His influential writings extend far beyond articles; The chef and writer has written a dozen books, including novels, cookbooks and memoirs. Reichl also appeared as a judge on the cooking show “Top Chef Masters” and as host and producer of the 2023 documentary “Food and Country.”

The James Beard Foundation Awards are often called “the Oscars of food.” Before the ceremony, Reichl was surprised to learn from a red carpet host that, among her many other accomplishments, she had supposedly coined the term herself: She called the James Beard Foundation's first awards ceremony “Oscar of the Year.” meal”. The description that appears in his summary of the inaugural event, which was published in the LA Times in 1991(although the article also quotes chef Lydia Shire as saying, “I came from Boston because these are the Oscars of the food world.”)

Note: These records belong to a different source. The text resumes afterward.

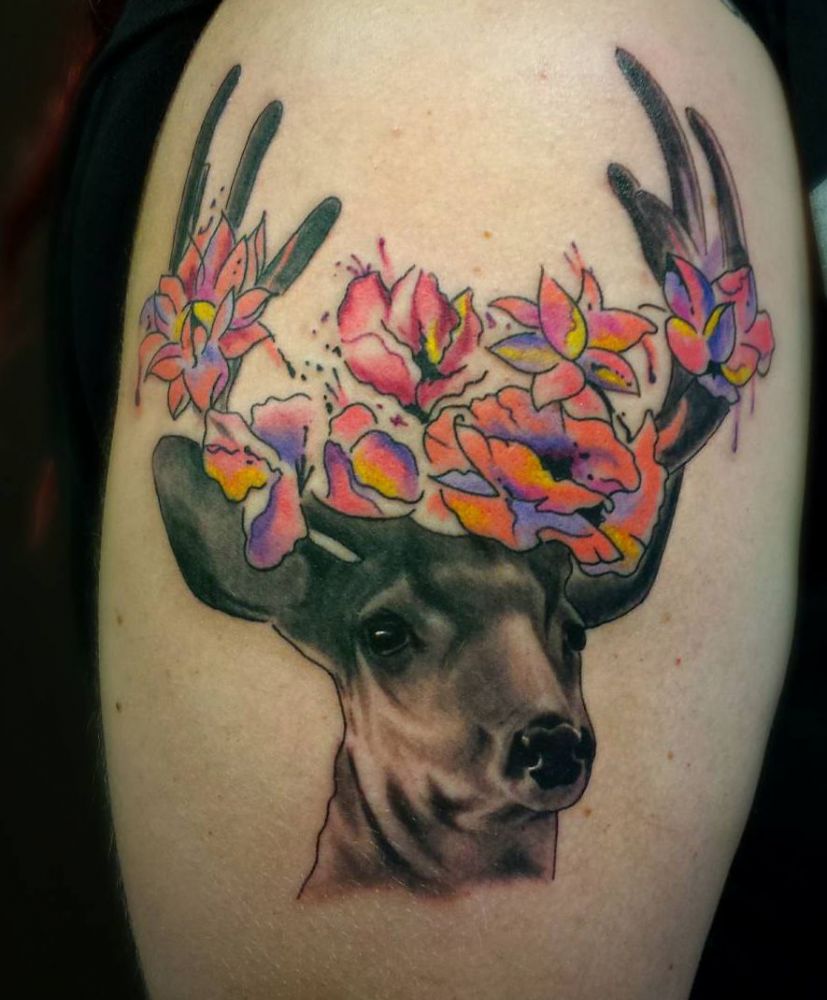 jeleń z kwiatami na głowie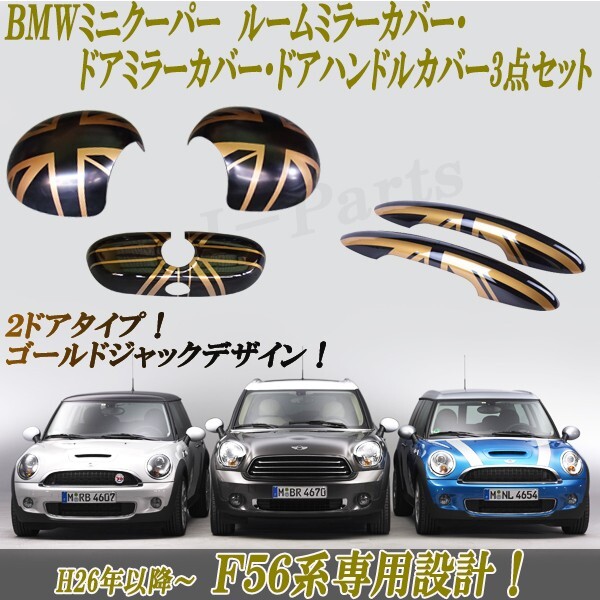 ●ミニクーパーF56系2ドア車専用ルームミラー&ドアミラー&ドアハンドルカバーゴールドジャックデザイン3点セット!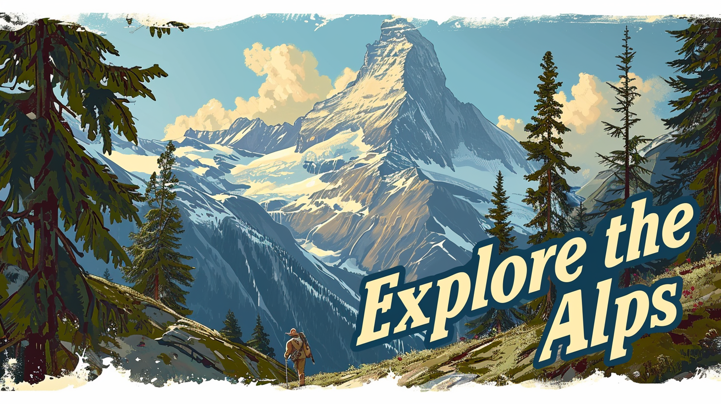 Vintage travel poster with the phrase "Explore the Alps" in elegant script, showcasing a serene mountain landscape --ar 16:9 --v 6.0

“I've been with the Beards since the first one,” Reichl said before Monday's awards ceremony, “and I still think [about] What a generational shift there has been: how much food has changed, and this generation is so different, so much more diverse, so much more exciting. And it gives me great hope about what will happen to food in the future.”

In addition to Monday's ceremony, the foundation held its annual media awards on June 8 to recognize the year's best cookbooks, documentaries, features and other coverage. Like the 2024 Restaurant Awards, the 2024 Media Awards also featured few Los Angeles winners, although several local food series and writers, including Los Angeles Times food editor Daniel Hernandez, received nominations this year.

“The Book of Sichuan Chili Crisp”, written by Fly by businessman Jing chili-crisp and Superette Suá owner Jing Gao, won the visual category, with the award given to photographer and visual artist Yudi Ela Echevarría. “The Michoacán File”, narrated by Los Angeles actor and restaurateur Danny Trejo, and directed by Bernardo Arsuaga, won the award for best documentary visual support. Find the full list of 2024 James Beard Foundation Media Award winners here.